> **Required action**
Pictures are to be left out. Return exactly the lines below from the one with "Cămașa GEORGIA îmbină" up to and including the one with "7月16日,在保康县两峪乡就".

> **Task material**

---*---

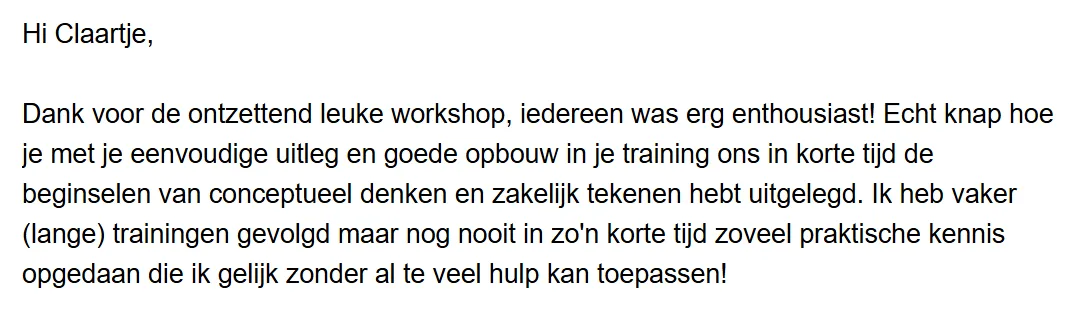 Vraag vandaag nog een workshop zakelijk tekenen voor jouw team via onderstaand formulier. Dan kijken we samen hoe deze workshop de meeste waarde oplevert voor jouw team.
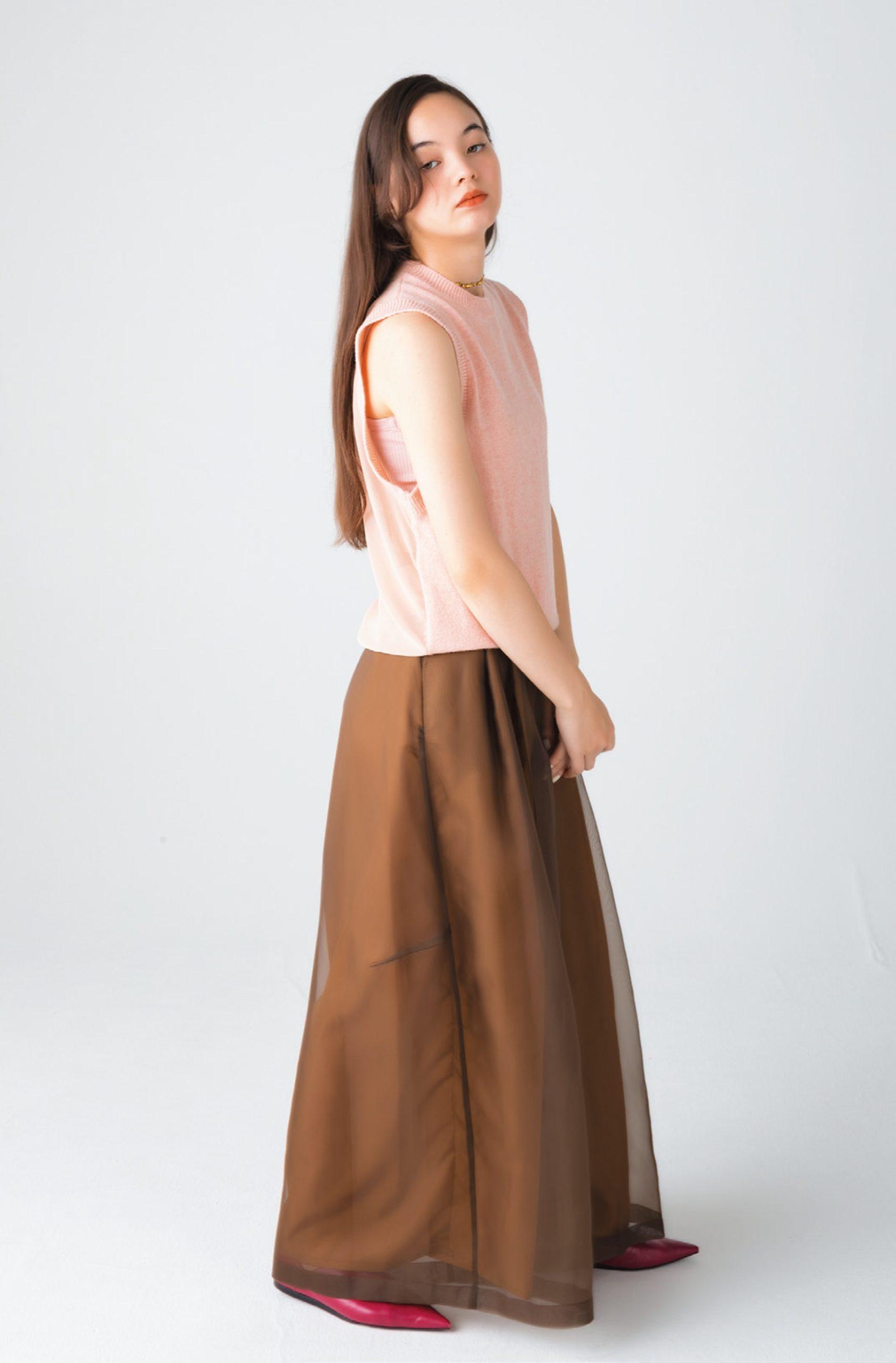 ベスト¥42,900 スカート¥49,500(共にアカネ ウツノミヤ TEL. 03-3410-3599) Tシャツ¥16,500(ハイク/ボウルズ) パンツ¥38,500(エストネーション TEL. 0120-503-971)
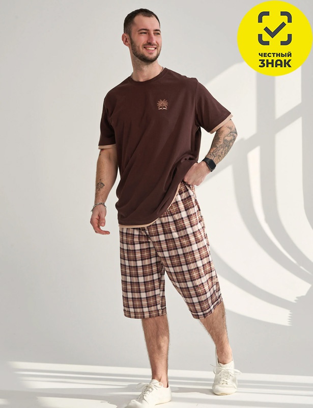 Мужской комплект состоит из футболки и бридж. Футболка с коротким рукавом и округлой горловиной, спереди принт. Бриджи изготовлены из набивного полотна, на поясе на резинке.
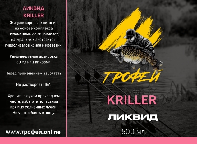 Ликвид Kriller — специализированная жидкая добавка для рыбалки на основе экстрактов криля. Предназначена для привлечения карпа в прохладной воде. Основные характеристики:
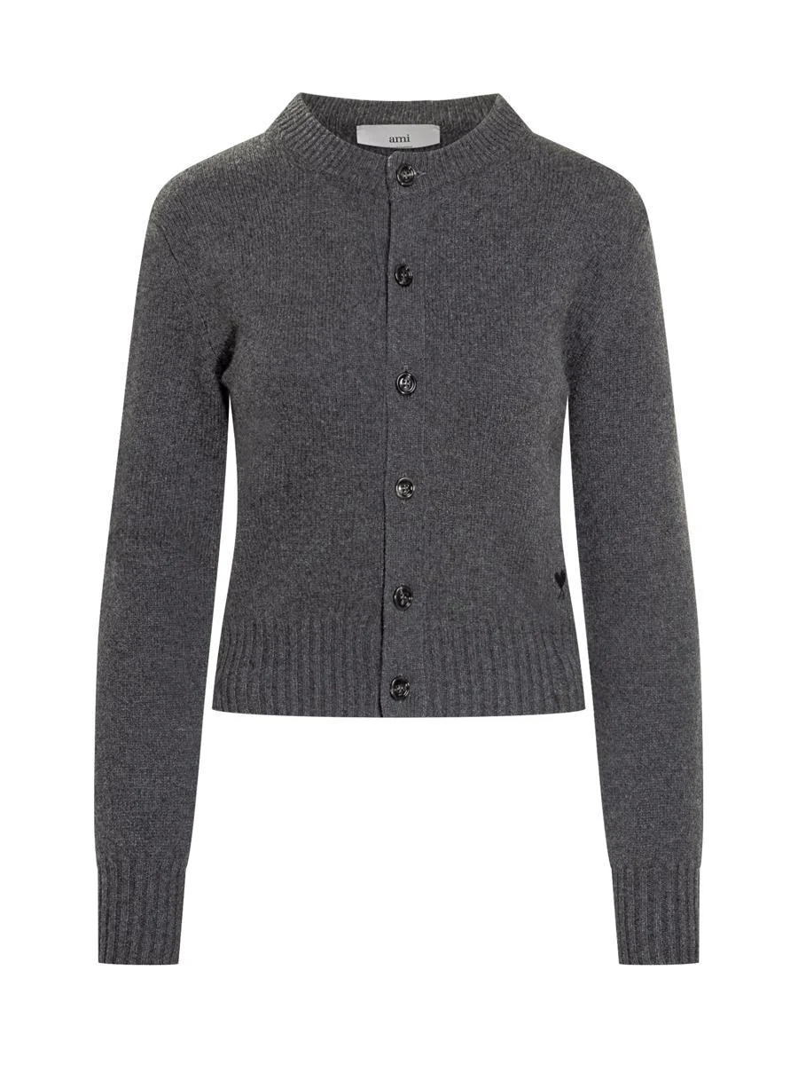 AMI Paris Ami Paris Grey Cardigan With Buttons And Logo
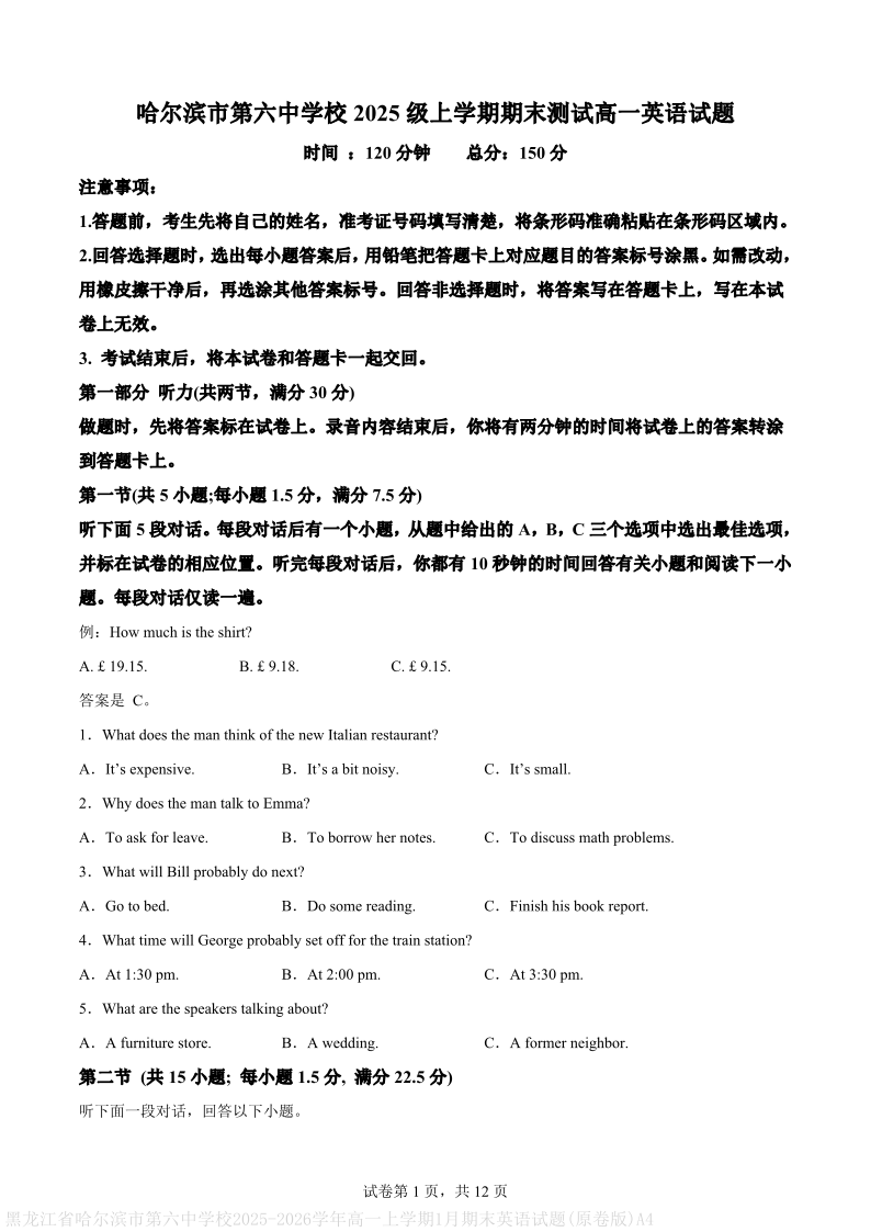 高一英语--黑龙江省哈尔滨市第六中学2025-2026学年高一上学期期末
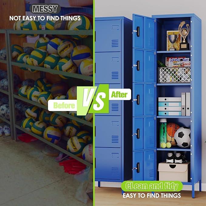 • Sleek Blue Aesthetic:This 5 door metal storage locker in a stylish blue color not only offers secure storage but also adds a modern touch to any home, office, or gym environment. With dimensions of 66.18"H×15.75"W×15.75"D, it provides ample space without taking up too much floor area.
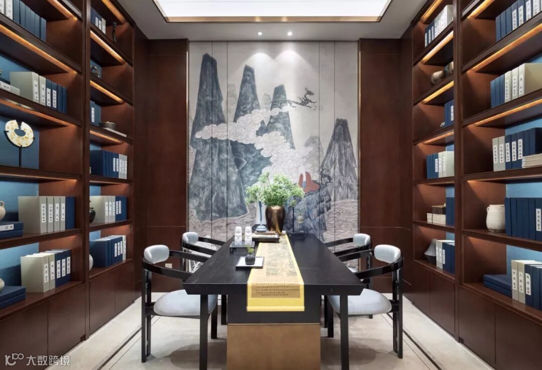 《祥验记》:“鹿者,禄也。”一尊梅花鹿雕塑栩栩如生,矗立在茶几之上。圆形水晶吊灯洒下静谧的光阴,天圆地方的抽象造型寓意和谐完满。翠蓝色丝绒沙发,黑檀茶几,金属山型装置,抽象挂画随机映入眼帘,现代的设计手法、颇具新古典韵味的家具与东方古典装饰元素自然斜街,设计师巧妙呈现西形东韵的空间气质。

---*---

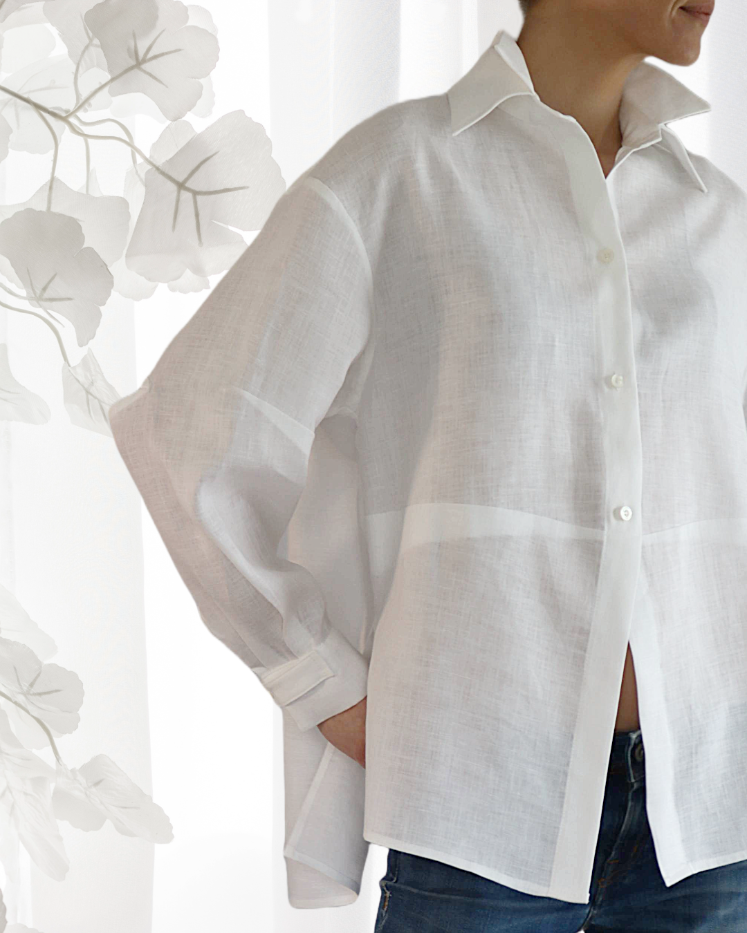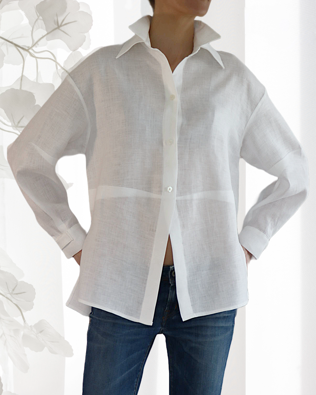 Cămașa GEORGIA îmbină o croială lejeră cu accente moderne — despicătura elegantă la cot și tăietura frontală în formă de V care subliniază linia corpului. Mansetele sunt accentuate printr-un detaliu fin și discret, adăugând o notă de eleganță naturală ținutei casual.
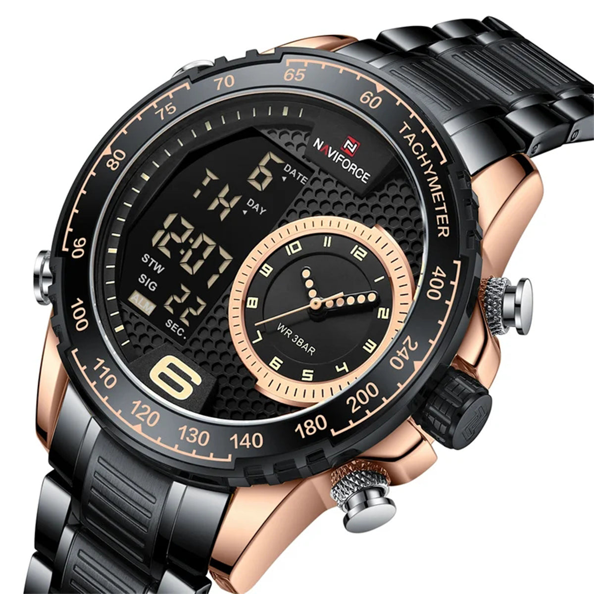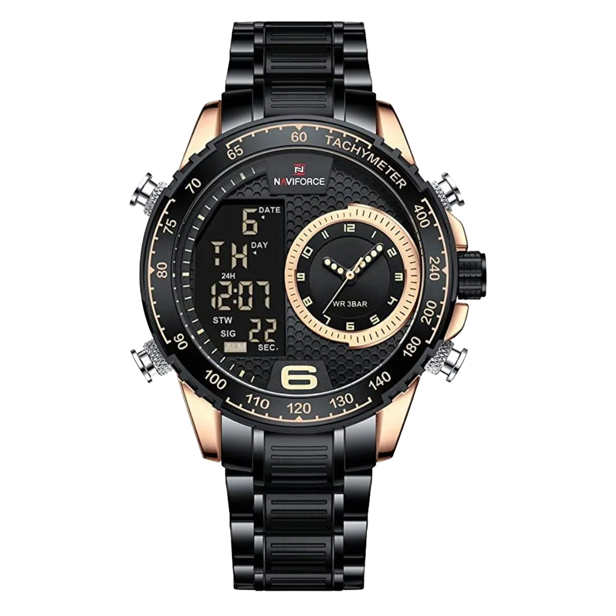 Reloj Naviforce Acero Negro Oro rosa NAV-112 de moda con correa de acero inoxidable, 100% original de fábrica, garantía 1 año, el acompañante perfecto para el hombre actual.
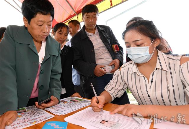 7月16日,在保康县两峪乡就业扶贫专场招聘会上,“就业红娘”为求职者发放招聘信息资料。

---*---

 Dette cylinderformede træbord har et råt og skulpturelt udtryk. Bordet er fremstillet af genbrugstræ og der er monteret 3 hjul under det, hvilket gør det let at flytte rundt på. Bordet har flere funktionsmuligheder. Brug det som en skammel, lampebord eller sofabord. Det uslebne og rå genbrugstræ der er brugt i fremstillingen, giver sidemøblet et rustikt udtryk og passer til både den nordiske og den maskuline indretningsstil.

---*---

> **Exercise solution**
 Cămașa GEORGIA îmbină o croială lejeră cu accente moderne — despicătura elegantă la cot și tăietura frontală în formă de V care subliniază linia corpului. Mansetele sunt accentuate printr-un detaliu fin și discret, adăugând o notă de eleganță naturală ținutei casual.
 Reloj Naviforce Acero Negro Oro rosa NAV-112 de moda con correa de acero inoxidable, 100% original de fábrica, garantía 1 año, el acompañante perfecto para el hombre actual.
 7月16日,在保康县两峪乡就业扶贫专场招聘会上,“就业红娘”为求职者发放招聘信息资料。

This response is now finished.